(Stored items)

====

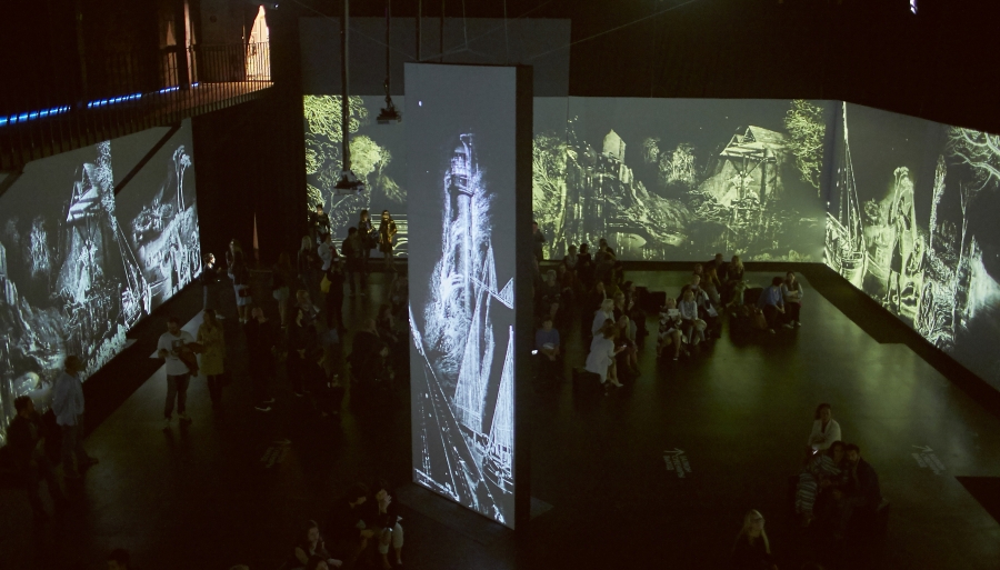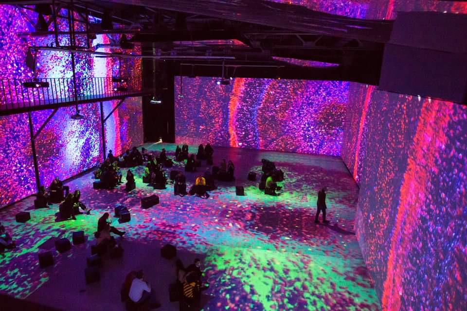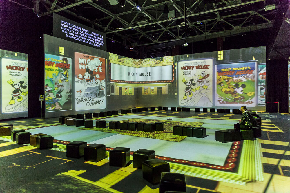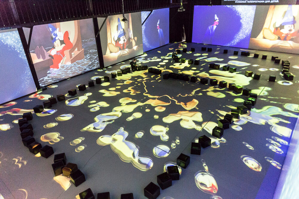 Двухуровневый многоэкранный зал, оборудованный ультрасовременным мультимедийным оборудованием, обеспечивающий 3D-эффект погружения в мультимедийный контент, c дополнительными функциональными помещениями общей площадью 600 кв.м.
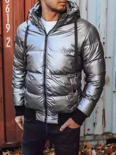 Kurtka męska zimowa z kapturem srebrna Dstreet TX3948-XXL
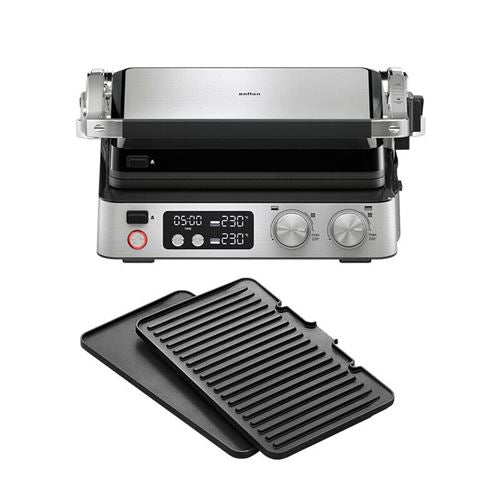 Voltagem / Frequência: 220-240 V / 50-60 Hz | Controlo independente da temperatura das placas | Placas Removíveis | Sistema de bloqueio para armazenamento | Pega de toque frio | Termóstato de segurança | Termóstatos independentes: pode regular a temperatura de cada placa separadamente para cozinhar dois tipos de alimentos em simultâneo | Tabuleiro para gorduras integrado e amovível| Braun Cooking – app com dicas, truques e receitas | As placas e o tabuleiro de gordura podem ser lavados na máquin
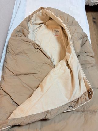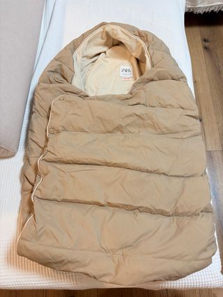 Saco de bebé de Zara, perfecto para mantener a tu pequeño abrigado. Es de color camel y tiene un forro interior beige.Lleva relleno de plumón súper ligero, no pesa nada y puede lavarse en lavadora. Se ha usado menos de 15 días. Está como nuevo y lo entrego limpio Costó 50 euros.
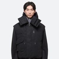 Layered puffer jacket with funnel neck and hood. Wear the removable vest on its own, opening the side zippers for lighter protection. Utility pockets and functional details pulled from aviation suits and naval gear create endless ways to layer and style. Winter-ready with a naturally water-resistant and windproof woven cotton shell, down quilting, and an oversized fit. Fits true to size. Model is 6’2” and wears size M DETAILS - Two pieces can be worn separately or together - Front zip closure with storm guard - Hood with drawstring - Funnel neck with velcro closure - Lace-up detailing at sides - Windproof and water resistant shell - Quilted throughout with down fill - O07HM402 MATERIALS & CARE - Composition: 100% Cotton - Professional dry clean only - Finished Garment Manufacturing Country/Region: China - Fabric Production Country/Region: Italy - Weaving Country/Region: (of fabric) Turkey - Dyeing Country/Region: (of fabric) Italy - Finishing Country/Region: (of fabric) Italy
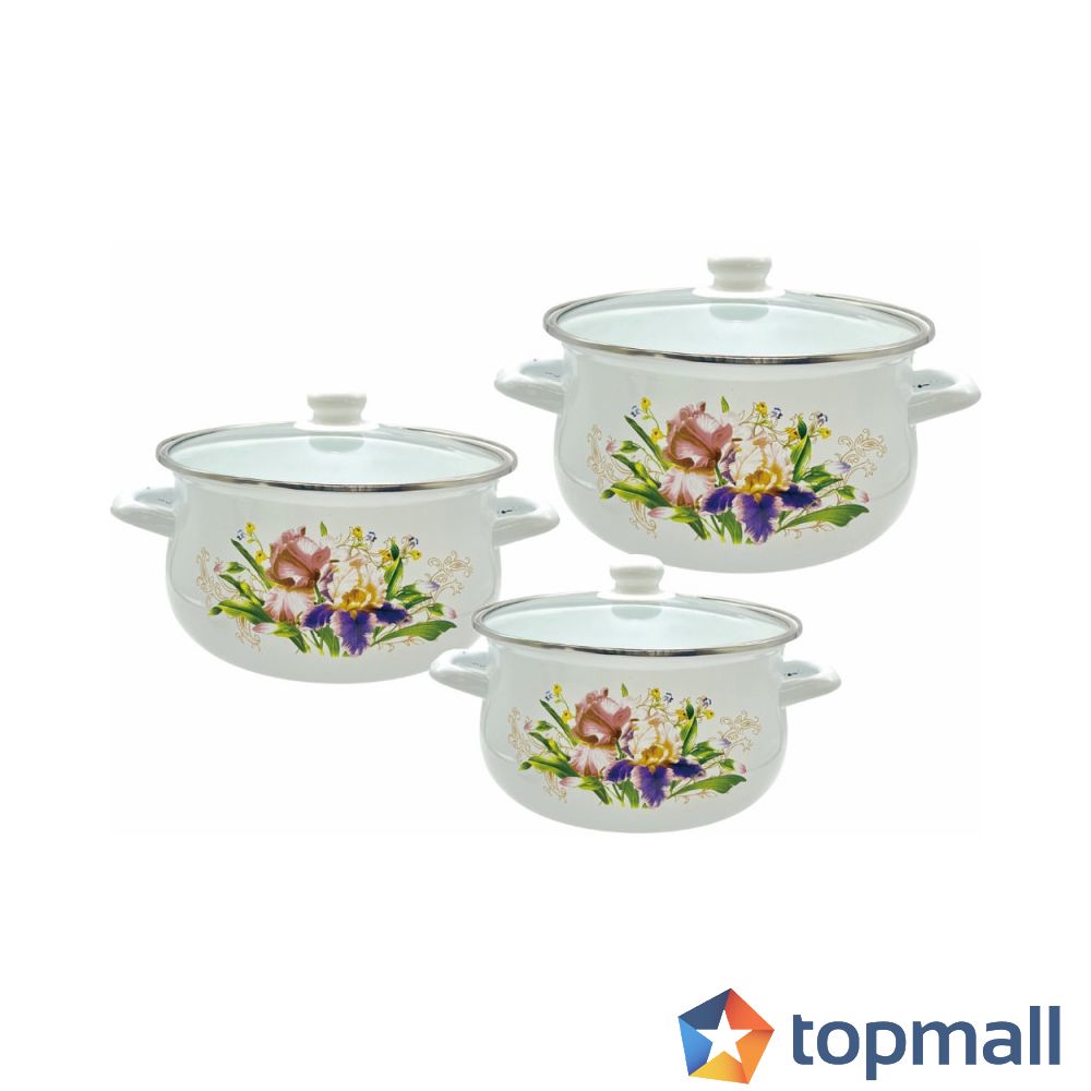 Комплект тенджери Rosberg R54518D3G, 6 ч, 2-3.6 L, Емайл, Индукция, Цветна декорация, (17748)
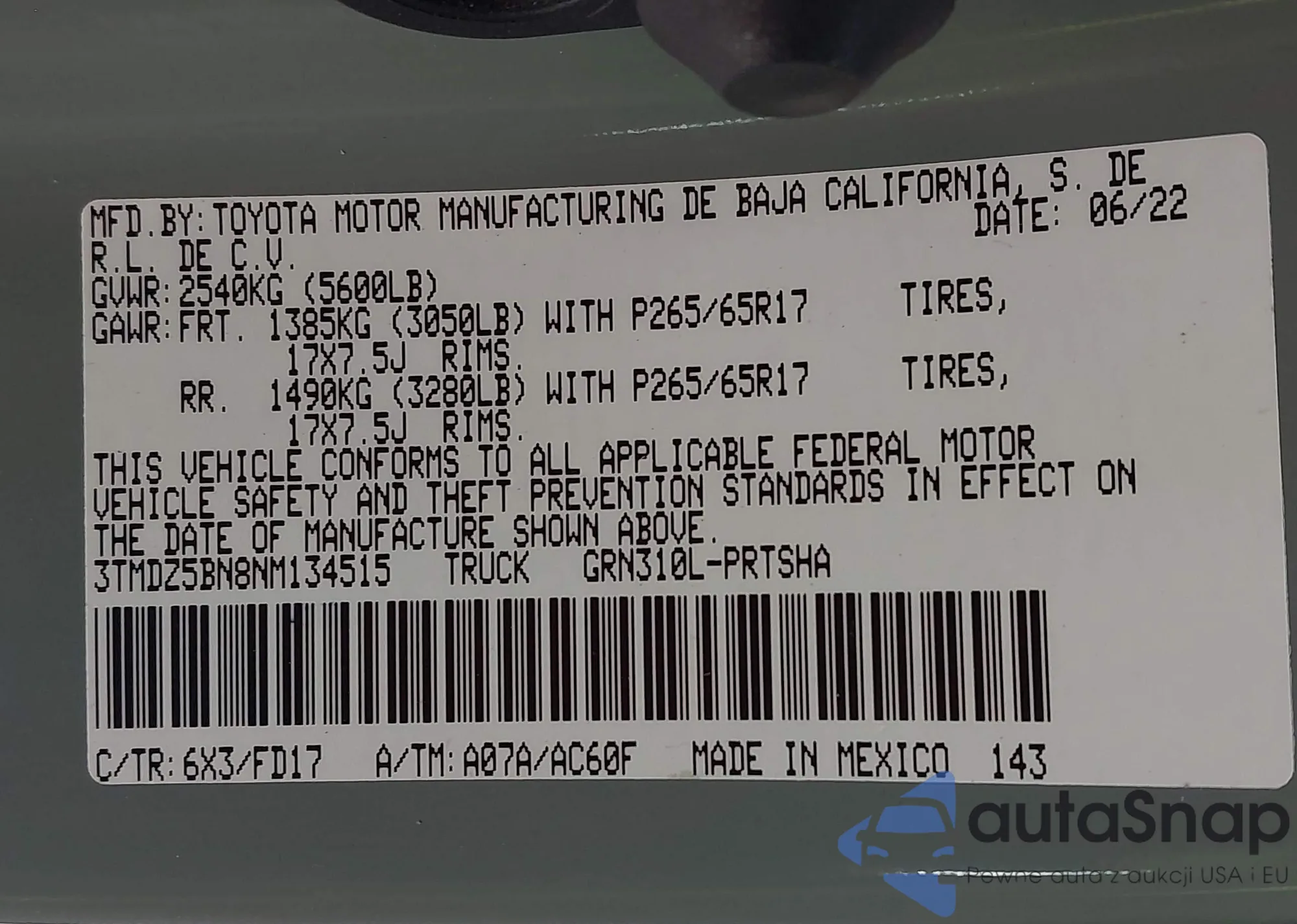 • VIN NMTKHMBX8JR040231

====

#### What you will do
Copy the entries above exactly, but only the stretch from the line containing "Kurtka męska zimowa" through the line containing "Voltagem / Frequência: 220-240". Keep both end lines; drop the pictures.

#### Response to this exercise
 Kurtka męska zimowa z kapturem srebrna Dstreet TX3948-XXL
 Voltagem / Frequência: 220-240 V / 50-60 Hz | Controlo independente da temperatura das placas | Placas Removíveis | Sistema de bloqueio para armazenamento | Pega de toque frio | Termóstato de segurança | Termóstatos independentes: pode regular a temperatura de cada placa separadamente para cozinhar dois tipos de alimentos em simultâneo | Tabuleiro para gorduras integrado e amovível| Braun Cooking – app com dicas, truques e receitas | As placas e o tabuleiro de gordura podem ser lavados na máquin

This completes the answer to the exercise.